Was bisher von den Sportlern nach Gefühl gemacht wurde, optimiert hier ein unsichtbares Steuerungssystem nach aktuellen Sensordaten. In der Forschung spricht man bei diesen und ähnlichen Szenarien von Ambient Intelligence, kurz AmI. Dies bedeutet vereinfacht ausgedrückt eine intelligente Umgebung, die sensitiv und adaptiv auf die Anwesenheit von Menschen und Objekten reagiert und dabei dem Menschen vielfältige Dienste leistet. Es geht dabei um den Menschen in allen Lebenssituationen, insbesondere den arbeitenden Menschen, den Menschen in der Freizeit und den allein lebenden älteren Menschen. Die Dienste der intelligenten Umgebung können situationsgerechte Informationen bereitstellen oder aber auch direkt aktiv eingreifen, falls dies notwendig ist.
Alle AmI-Anwendungen bauen auf denselben technischen Grundfunktionen auf:
AmI-Systeme verfügen über eine Vielzahl von Schnittstellen zum Menschen und zu seiner Umgebung. Das reicht von Mini-Sensoren, über die Bild- und Sprachein- und -ausgabe, bis zur Erkennung menschlicher Gestik. Die Vielfalt der gesammelten Informationen muss geeignet übertragen und ausgewertet werden. Dazu dient eine verteilte digitale Signalverarbeitung, die mit Sprach-, Bild-, Bewegungsinformationen, Umgebungsbedingungen etc.

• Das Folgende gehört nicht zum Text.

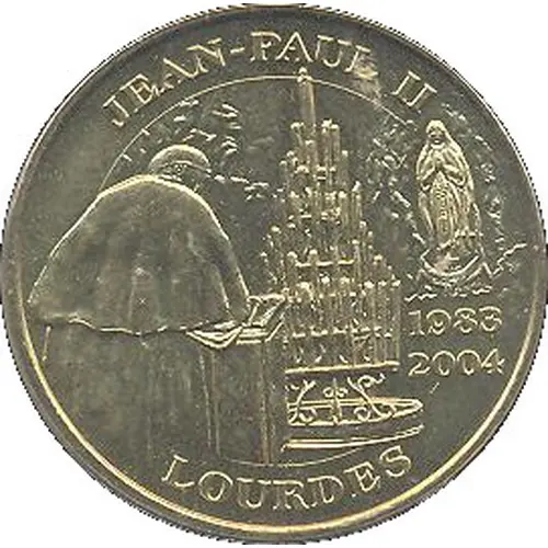 | Reverse description | Image of Our Lady of Lourdes statue surrounded by lettering. |
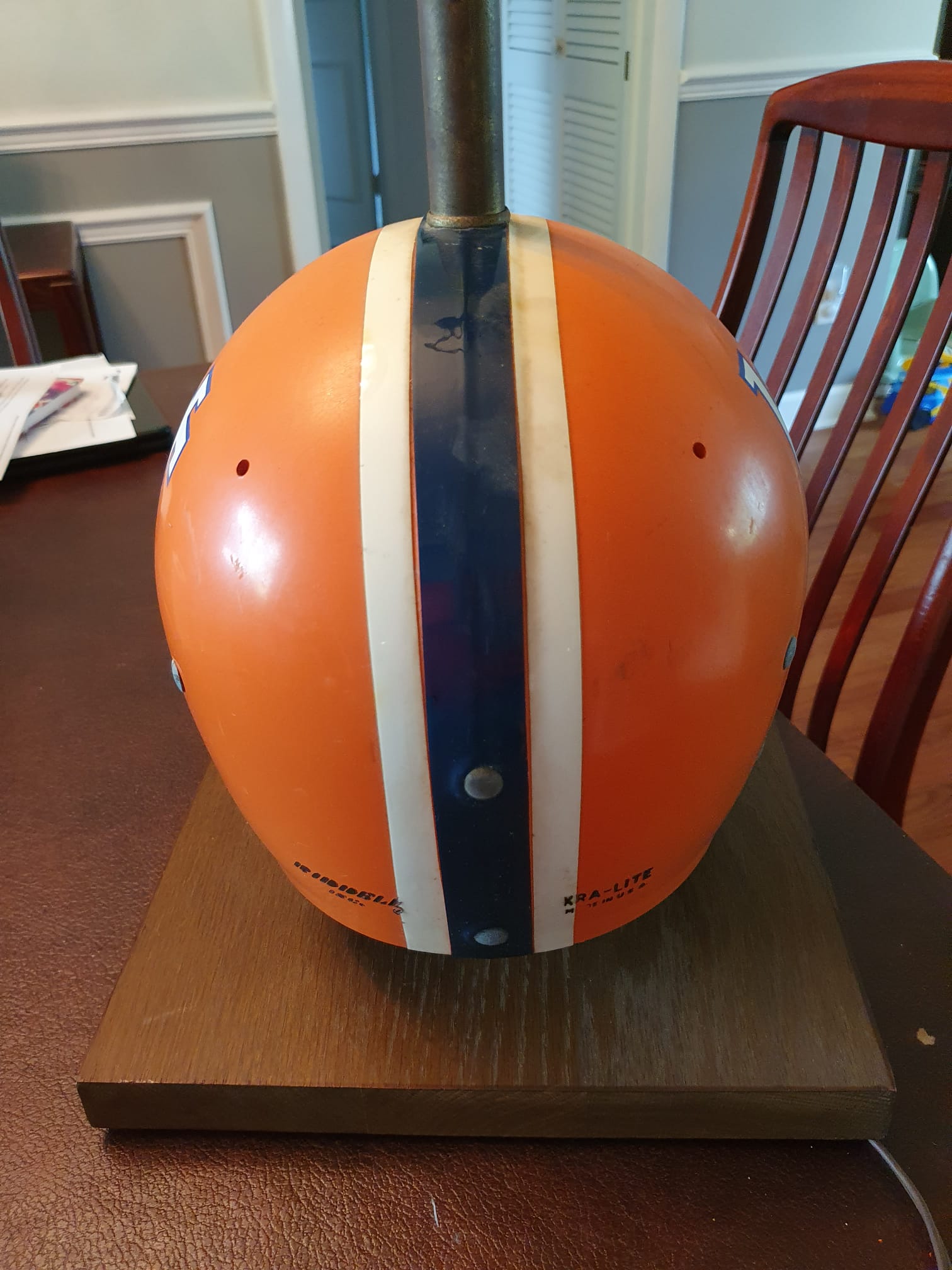 This is a 1972 Riddell Helmet Lamp featuring the Florida Gators per the date written in the bottom of the lamp. Issue number 86,658.

umgeht. Sowohl die zahlreichen verschiedenartigen Sensoren als auch die zugehörige Auswerte- und Kommunikationselektronik müssen möglichst klein sein und möglichst unauffällig in ihre Umgebung integriert werden. Eine Herausforderung ist dabei der äußerst geringe Energieverbrauch. AmI-Geräte müssen in Wände, Kleidung, Schuhe, Körper etc. eingebracht werden und teilweise über ihren gesamten Lebenszyklus autark und ohne Batteriewechsel arbeiten. Die unter dem Begriff Ambient Intelligence zusammengefassten Technologien haben das Potenzial, unser Leben und unsere Arbeitswelt so stark zu ändern wie nur wenige Technologien vor ihnen. Dem Menschen als Nutzer werden damit vollkommen neue Möglichkeiten geboten. Andererseits wird der Mensch auch vor neue Herausforderungen gestellt werden.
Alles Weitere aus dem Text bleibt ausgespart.